This Commercial License Agreement ("Agreement") is made effective as of the date of acceptance by and between Deposition Sound ("Licensor") and the subscriber ("Licensee").
1. GRANT OF LICENSE
Licensor grants Licensee a non-exclusive, non-transferable, revocable license to commercially print and sell 3D printed loudspeakers and accessories ("Products") from the files provided on Deposition Sound's Thangs page ("Files"), subject to the terms and conditions of this Agreement.
2. LICENSE FEE
Licensee agrees to pay Licensor a monthly or annual subscription fee as specified on the subscription page of the Deposition Sound profile. Failure to pay the subscription fee will result in the immediate termination of this Agreement.
3. USE OF FILES
Licensee is permitted to:
a. Download and use the Files for the purpose of 3D printing the Products.
b. Sell the 3D printed Products.
Licensee is NOT permitted to:
a. Distribute, share, or sell the Files in any format.
b. Claim ownership of the design of the Files.

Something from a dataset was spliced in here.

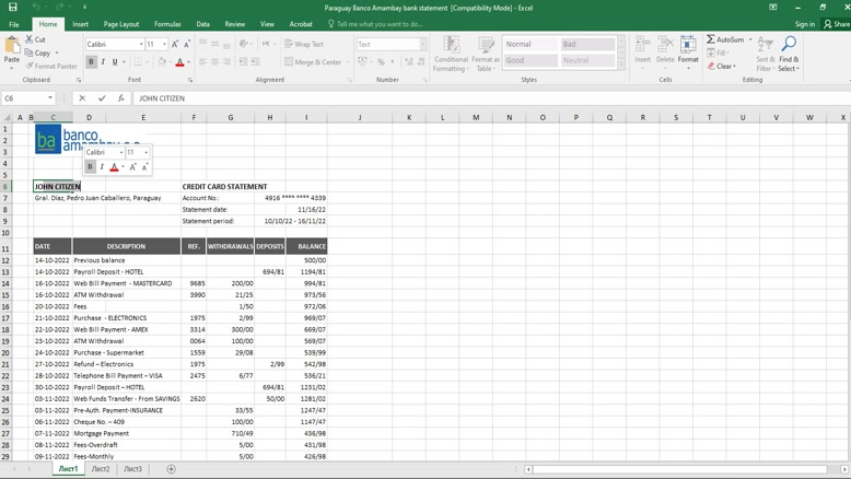 PARAGUAY BANCO AMAMBAY BANK STATEMENT EXCEL AND PDF TEMPLATE | Editable bank Statement template | 3 month bank statement generator | 3 month bank statement generator |

c. Use the Files for any illegal or unauthorized purpose.
4. QUALITY CONTROL
Licensee agrees to maintain the quality and standards of the Products as specified by Licensor. Licensor reserves the right to review and inspect the Products to ensure compliance with quality standards.
5. INTELLECTUAL PROPERTY RIGHTS
All intellectual property rights in the Files remain the exclusive property of Licensor. Licensee acknowledges that no ownership rights are transferred under this Agreement.
6. TERMINATION
This Agreement may be terminated by either party:
a. Upon thirty (30) days written notice to the other party.
b. Immediately, without notice, if Licensee fails to comply with any term of this Agreement.
Upon termination, Licensee must cease all use of the Files and destroy any copies in its possession.
7. LIMITATION OF LIABILITY
Licensor is not liable for any damages, including but not limited to, loss of profits, data, or use, incurred by Licensee or any third party, whether in an action in contract or tort, arising from the use of the Files or the Products.
8. INDEMNIFICATION
Licensee agrees to indemnify and hold harmless Licensor from any claims, liabilities, damages, and expenses (including attorney’s fees) arising out of the Licensee’s use of the Files or sale of the Products.
9. GOVERNING LAW
This Agreement shall be governed by and construed in accordance with the laws of the state of Florida, without regard to its conflict of law principles.
10. ENTIRE AGREEMENT
This Agreement constitutes the entire agreement between the parties and supersedes all prior or contemporaneous understandings or agreements, written or oral, regarding its subject matter.
11. AMENDMENTS
Licensor reserves the right to amend the terms of this Agreement at any time and will provide notice to Licensee of any changes. Continued use of the Files and sale of the Products after such notice will constitute acceptance of the amended terms.
12. SEVERABILITY
If any provision of this Agreement is found to be invalid or unenforceable, the remaining provisions shall continue to be valid and enforceable.
13. CONTACT INFORMATION
For any questions regarding this Agreement, Licensee may contact Licensor at contact@depositionsound.com.
14. NO WAIVER
The failure of either party to enforce any provision of this Agreement shall not be deemed a waiver of that provision or of the right to enforce it.
15. ASSIGNMENT
Licensee may not assign this Agreement or any rights or obligations hereunder without the prior written consent of Licensor.
Acceptance
By subscribing and using the Files, Licensee acknowledges that they have read, understood, and agree to be bound by the terms and conditions of this Agreement.